The dual-axis system achieved an average power output of 1.85 W and an efficiency of 10.27%, representing a 157% improvement over the stationary setup and a 65% increase compared to the single-axis configuration. This significant gain is primarily due to the system’s capability to maintain optimal perpendicular alignment with solar radiation along both azimuth and elevation axes. Similar enhancements of 35–55% were reported by Barrios-Sánchez et al. (2025) and Ge et al. (2024) for comparable low-cost microcontroller-based trackers.
Figure 4 shows that the dual-axis tracker consistently maintained higher power levels throughout the day, even during off-peak hours. This consistent response validates the reliability of the LDR-based feedback control implemented in Arduino IDE, matching earlier observations by Muthukumar et al. (2023).
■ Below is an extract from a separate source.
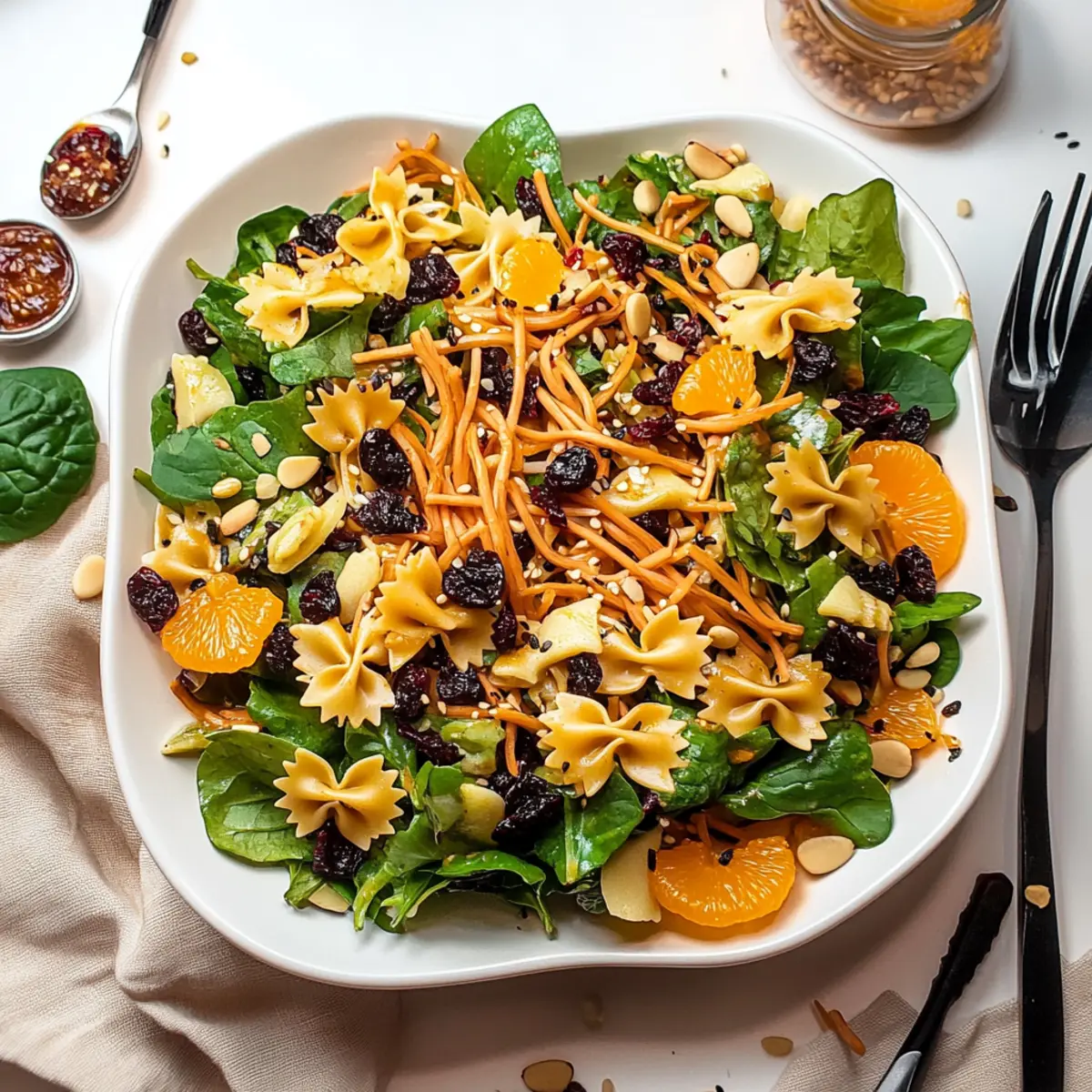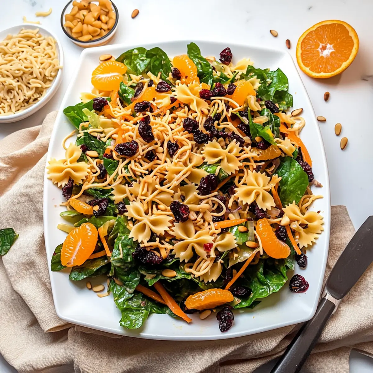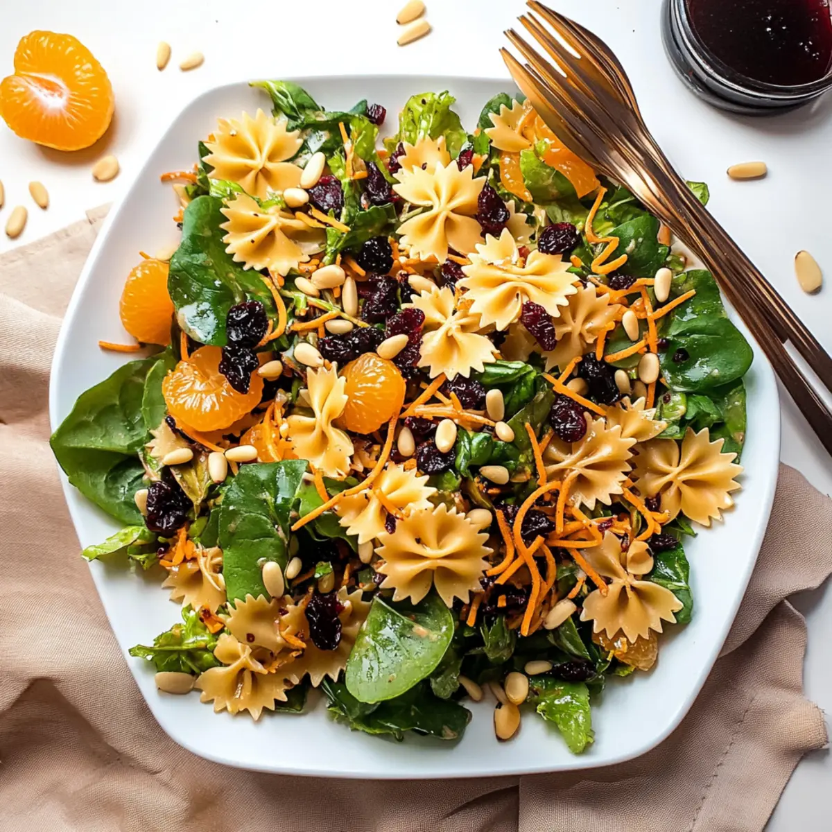 As I tossed together the vibrant mix of colors and textures, the aroma of teriyaki sauce wafted through my kitchen, instantly brightening my mood. This Asian Bowtie Pasta Salad is a refreshing twist on the classic salad that’s both easy to prepare and quick, making it an ideal choice for those busy weeknights or sunny summer gatherings. The sweet mandarin oranges and tart cranberries create a delightful contrast, while the crispy toppings add an irresistible crunch. Plus, it’s fully customizable—whether you’re looking to keep it vegetarian or add protein, this dish has you covered. Are you ready to elevate your salad game? Let’s dive in! Why Is This Salad a Must-Try? Vibrant flavors come together in this refreshing dish, making it a showstopper at any gathering. Quick and easy to whip up, you can have it ready in just 35 minutes! Perfectly customizable, it caters to various dietary needs—try adding grilled shrimp or tofu for protein. Enjoy the crunchy textures from chow mein noodles and pine nuts, making each bite exciting. Finally, it’s a beautiful blend of cultures, combining classic pasta salad elements with Asian flair, sure to impress every palate! For more delicious and vibrant dishes, check out my Garlic Butter Pasta or explore the refreshing Crab Salad Refreshing. Asian Bowtie Pasta Salad Ingredients For the Salad • Bowtie Pasta (8 ounces) – Provides the base structure of the salad; use gluten-free pasta if needed. • Baby Spring Mix (4 cups) – Adds fresh greens for texture and nutrition; spinach or mixed salad greens work well too. • Shredded Carrots (⅓ cup) – For crunch and sweetness; julienne bell peppers can be used as an alternative. • Dried Cranberries (½ cup) – For a burst of sweetness and tartness; raisins or chopped dried apricots can replace cranberries. • Pine Nuts (⅓ cup) – Add nutty flavor and crunch; substitute with toasted sunflower seeds or almond slices for a nut-free option. • Mandarin Oranges (10.5 ounces, canned) – Brings sweetness and a juicy element; fresh orange segments can be used if preferred. • Chow Mein Noodles (⅓ cup) – For added crunch on top; crispy wonton strips can be an alternative. For the Dressing • Teriyaki Sauce (⅓ cup) – Main seasoning for the salad; soy sauce or a homemade Asian dressing can be used instead. • Apple Cider Vinegar (⅓ cup) – Adds acidity to balance flavors; rice vinegar can be a milder alternative. • Olive Oil (½ cup) – For richness in the dressing; any neutral oil like canola works here. • Garlic Powder (½ teaspoon) – Enhances depth of flavor; fresh minced garlic (1 clove) can be used for a fresh twist. • Onion Powder (½ teaspoon) – Provides aromatic flavor; fresh onion can be adjusted to taste. • Salt (¼ teaspoon) & Pepper (¼ teaspoon) – Basic seasonings to taste. Step‑by‑Step Instructions for Asian Bowtie Pasta Salad Step 1: Cook the Bowtie Pasta In a large pot, bring salted water to a boil over high heat. Add 8 ounces of bowtie pasta and cook according to the package instructions for 8-10 minutes until al dente. Drain the pasta, then rinse it under cold water to cool it down quickly, preventing it from sticking together. Step 2: Prepare the Dressing While the pasta is cooking, grab a mason jar and combine ⅓ cup teriyaki sauce, ⅓ cup apple cider vinegar, ½ cup olive oil, ½ teaspoon garlic powder, ½ teaspoon onion powder, and a pinch of salt and pepper. Secure the lid tightly and shake vigorously for about 30 seconds until the ingredients are emulsified. Refrigerate the dressing until ready to use. Step 3: Mix the Salad Ingredients In a large mixing bowl, combine 4 cups of baby spring mix, ⅓ cup shredded carrots, ½ cup dried cranberries, ⅓ cup pine nuts, and the entire can of mandarin oranges, drained. Gently toss the ingredients together until evenly distributed, creating a colorful base for your Asian Bowtie Pasta Salad. Step 4: Combine Pasta and Vegetables Once the bowtie pasta has cooled completely, add it to the bowl of salad ingredients. Carefully toss everything together using tongs or a large serving spoon, ensuring that the pasta is well integrated with the colorful veggies and fruits. Step 5: Add Crunchy Toppings and Serve Before serving, sprinkle ⅓ cup of chow mein noodles on top for an added crunch. Serve the salad chilled with the teriyaki dressing on the side, allowing everyone to customize their salad just before enjoying this vibrant Asian Bowtie Pasta Salad. What to Serve with Asian Bowtie Pasta Salad Dive into a culinary adventure by creating a complete meal that highlights freshness and flavor. Grilled Chicken Skewers: Juicy and lightly seasoned, these skewers provide protein that pairs beautifully with the salad’s vibrant textures. Crispy Spring Rolls: These crunchy bites filled with fresh veggies offer a delightful contrast to the salad, adding an extra layer of freshness and crunch. Tangy Cucumber Salad: A refreshing mix of cucumbers, rice vinegar, and sesame oil complements the sweet notes of the Asian Bowtie Pasta Salad. Fruit-Infused Iced Tea: This chilled beverage adds a sweet and fruity vibe, making it a perfect refreshment alongside the salad. Teriyaki-Glazed Salmon: The rich flavor complements the teriyaki dressing, enhancing the entire meal with a delicious harmony of tastes. Lemon Sorbet: As a light dessert, its citrusy coolness cleanses the palate wonderfully after a savory meal, leaving you feeling refreshed. Sesame Noodles: Continue the Asian theme with these tangy and nutty noodles, providing a delicious and hearty side option that pairs well with the salad. Baked Tofu Bites: For a vegetarian boost, these crispy bites offer a satisfying protein option that brings a heartiness to your meal. How to Store and Freeze Asian Bowtie Pasta Salad Fridge: Store the salad in an airtight container in the refrigerator for up to 3 days. Keep the dressing separate until ready to serve to maintain freshnes

The results confirm that dual-axis solar tracking significantly improves PV output compared to stationary and single-axis systems. The stationary setup achieved an average power of 0.721 W (4.0% efficiency), the single-axis tracker 1.124 W (6.24%), and the dual-axis tracker 1.85 W (10.27%). Figure 4 shows that the dual-axis tracker consistently delivered higher power throughout the observation period, while Figure 5 highlights the efficiency advantage. The entire prototype was built at a cost of about 4040 BDT, which covered the Arduino controller, solar panel, buck converter, rechargeable batteries, servo motors, LDR sensors, and other small parts. Keeping the expenses this low shows that a dual-axis tracking system can be made both affordable and practical, making it a promising option for small-scale use in rural areas. The improved performance is due to the ability of the dual-axis system to align with both the sun’s azimuth and elevation, maximizing incident radiation capture. However, the prototype still operates below commercial benchmarks, which can exceed 30–40% gains, likely due to limitations in panel size, sensor resolution, and servo motor precision. Future work should integrate MPPT algorithms and more robust mechanical design to further increase efficiency and scalability.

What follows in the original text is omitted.